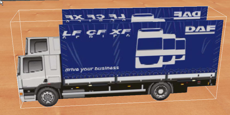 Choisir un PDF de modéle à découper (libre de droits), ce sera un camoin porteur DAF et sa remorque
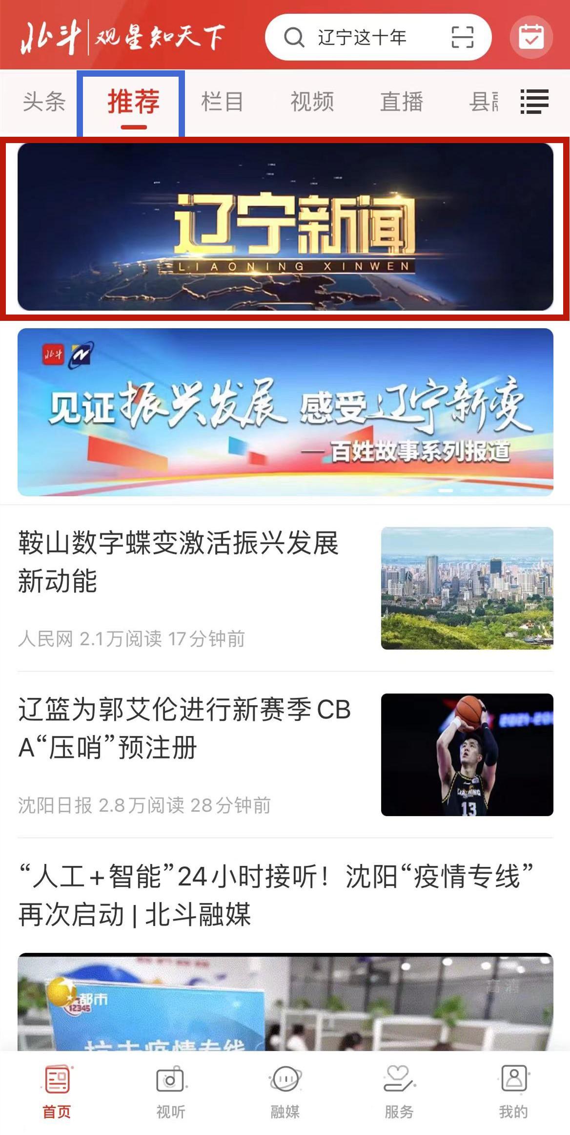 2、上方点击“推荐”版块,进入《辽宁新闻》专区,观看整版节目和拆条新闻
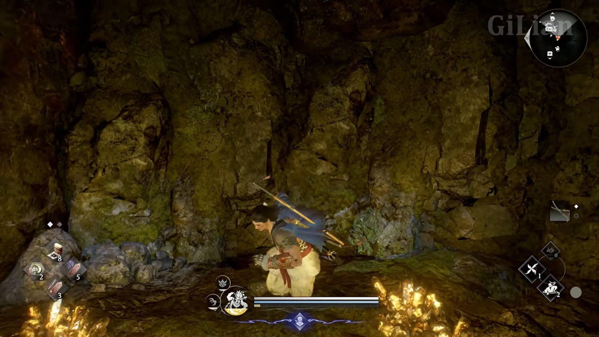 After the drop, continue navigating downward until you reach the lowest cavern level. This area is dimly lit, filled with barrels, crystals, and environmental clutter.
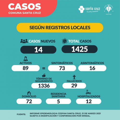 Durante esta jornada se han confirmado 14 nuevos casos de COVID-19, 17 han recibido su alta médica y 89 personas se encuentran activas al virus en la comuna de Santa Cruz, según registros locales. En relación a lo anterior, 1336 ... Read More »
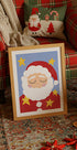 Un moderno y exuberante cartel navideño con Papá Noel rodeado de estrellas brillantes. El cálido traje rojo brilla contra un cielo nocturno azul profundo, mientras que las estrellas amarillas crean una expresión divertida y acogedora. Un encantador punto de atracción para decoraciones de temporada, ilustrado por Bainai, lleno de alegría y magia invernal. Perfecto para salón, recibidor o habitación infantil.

> [WORK REQUEST]: Each entry must be set down word for word; no image may be carried over.

> [EXPECTED ANSWER]:
 Choisir un PDF de modéle à découper (libre de droits), ce sera un camoin porteur DAF et sa remorque
 2、上方点击“推荐”版块,进入《辽宁新闻》专区,观看整版节目和拆条新闻
 After the drop, continue navigating downward until you reach the lowest cavern level. This area is dimly lit, filled with barrels, crystals, and environmental clutter.
 Durante esta jornada se han confirmado 14 nuevos casos de COVID-19, 17 han recibido su alta médica y 89 personas se encuentran activas al virus en la comuna de Santa Cruz, según registros locales. En relación a lo anterior, 1336 ... Read More »
 Un moderno y exuberante cartel navideño con Papá Noel rodeado de estrellas brillantes. El cálido traje rojo brilla contra un cielo nocturno azul profundo, mientras que las estrellas amarillas crean una expresión divertida y acogedora. Un encantador punto de atracción para decoraciones de temporada, ilustrado por Bainai, lleno de alegría y magia invernal. Perfecto para salón, recibidor o habitación infantil.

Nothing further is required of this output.